I don't think the member has co2 injection. It would help co2 levels during the day because the air pump provides outside of the tank air, not just pure oxygen. The water in the tank is low in co2 because of his plants using it during the day.
 
What's it mean when the bubbles rise to the top and don't pop just sit on the water. Almost like a foam. I just did a water change earlier today and the only thing I did different was add some osmocote capsules to the gravel. Could it be from the capsule shell melting away? This is the only time this has happened to my water
 
Atxpunx said:
I don't think the member has co2 injection. It would help co2 levels during the day because the air pump provides outside of the tank air, not just pure oxygen. The water in the tank is low in co2 because of his plants using it during the day.

I know, I was just giving an example. And uh no the bubble wand will remove any useful level of co2 that's why people don't run them while co2 is on, that's what I was saying lol
 
blizowman1 said:
What's it mean when the bubbles rise to the top and don't pop just sit on the water. Almost like a foam. I just did a water change earlier today and the only thing I did different was add some osmocote capsules to the gravel. Could it be from the capsule shell melting away? This is the only time this has happened to my water

What kind of capsules did you use? The only time that happened to me was after dosing a certain medication
 
Sorry hit send to soon. The fresh air being pumped into the tank, while bring in oxygen also, also has co2 with it. If it's been a while with the light on in that tank, the plants have probably used a lot of the available co2 in the water. Bringing in fresh air allows for more co2 in the tanks(while not a lot of course, still some).
 
paytertot said:
I know, I was just giving an example. And uh no the bubble wand will remove any useful level of co2 that's why people don't run them while co2 is on, that's what I was saying lol

How could a bubble wand remove just co2 from a tank? It gases out the current gases in the tank and brings in the fresh air from outside the tank, which has more co2 then the tank that has plants that have been using the co2 all day.
 
And yes IF people are running co2 injection THEN you shouldn't run a air stone. Without it though it helps.
 
paytertot said:
So your point is that our atmosphere has co2 in it? iirc the air around us is only like .035% co2.

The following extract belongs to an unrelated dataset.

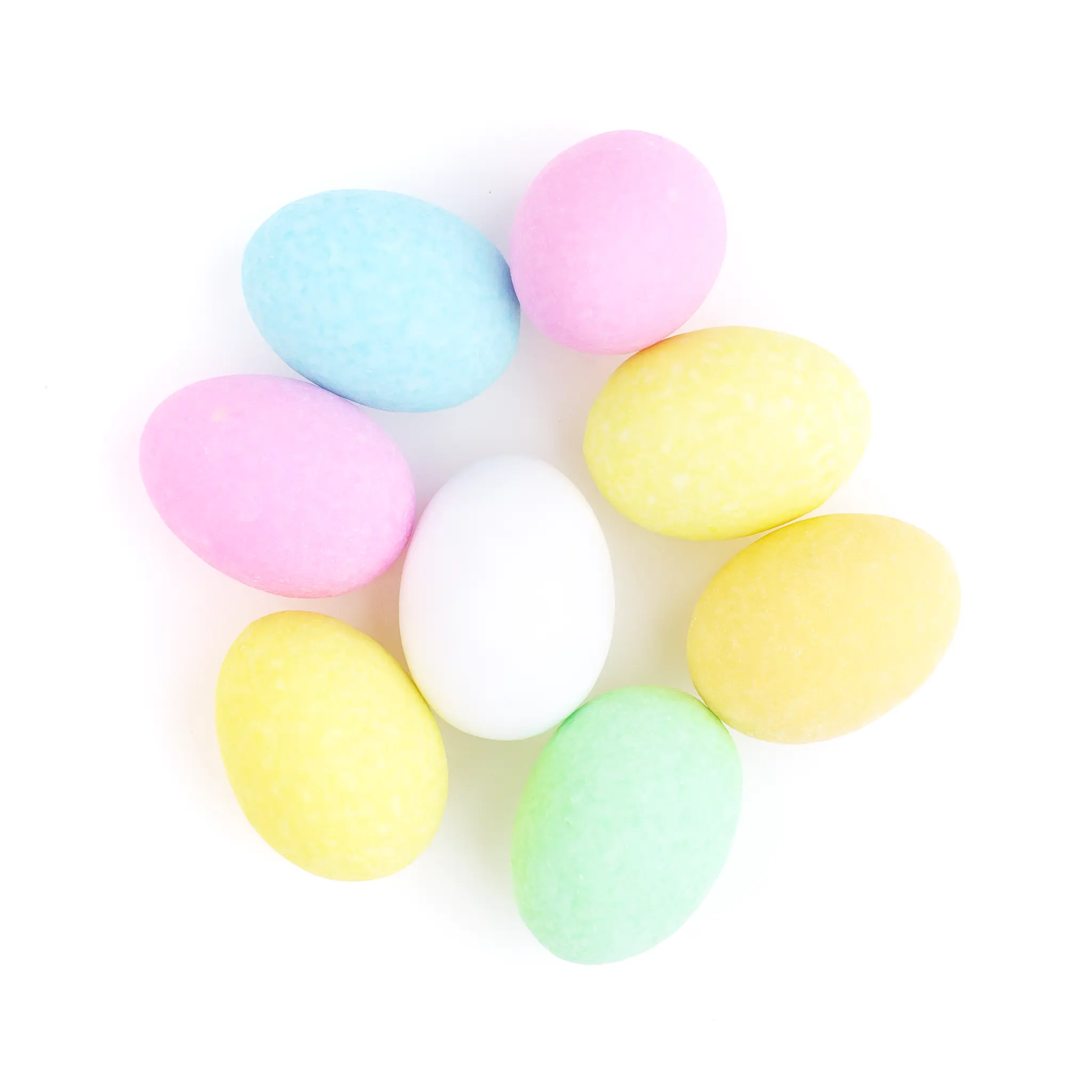 W zestawie znajduje się ok. 10 jajek w różnych łagodnych pastelowych kolorach.

Yes, that is one of the points I'm trying to make. Say your stats are correct (I assume they are for discussions sake), pumping in that air into the tank full of plants would allow co2 levels to rise. Not having co2 injection, the tank would be depleted of it's co2 by midday due to absorption by the plants because of photosynthesis. The tank wouldn't be at 0 co2 but it would be lower than levels outside of the tank, in turn pumping in this air would increase co2 levels to higher of a level than doing nothing.
 
Honestly I think that the difference is negligible either way, but yeah if it's not being injected with pressurized co2 then it doesn't matter if you run an air stone.

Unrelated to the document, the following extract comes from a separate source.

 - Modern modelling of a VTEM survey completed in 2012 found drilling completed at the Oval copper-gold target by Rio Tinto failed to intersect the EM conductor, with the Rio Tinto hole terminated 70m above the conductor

Another factor would be fish respiration, but that is also negligible in it's impact to plants.
 
img_2009749_0_9c5fe4464bdf15ec264e36871bb64d95.jpg



Something's not right my tank looks like this today after doing a water change last night and I didn't do anything different than usual
 
You don't think it could be from osmocote capsules do you?
 
Idk it's odd I've done hundreds of water changes and that's never happened its like the bubbles from the bubble wand just aren't popping
 
blizowman1 said:
You don't think it could be from osmocote capsules do you?

Actually this happened to me last time I added osmocote plus in gel caps to my tanks. Not sure if its from the stuff the caps are made of or excess nutrients. It went away on it's own though. My neons and corys never made a fuss. Hope this helps.
 
Well I just went to feed my fish and it seems like there is some kind of film on top of the water. Does that mean anything?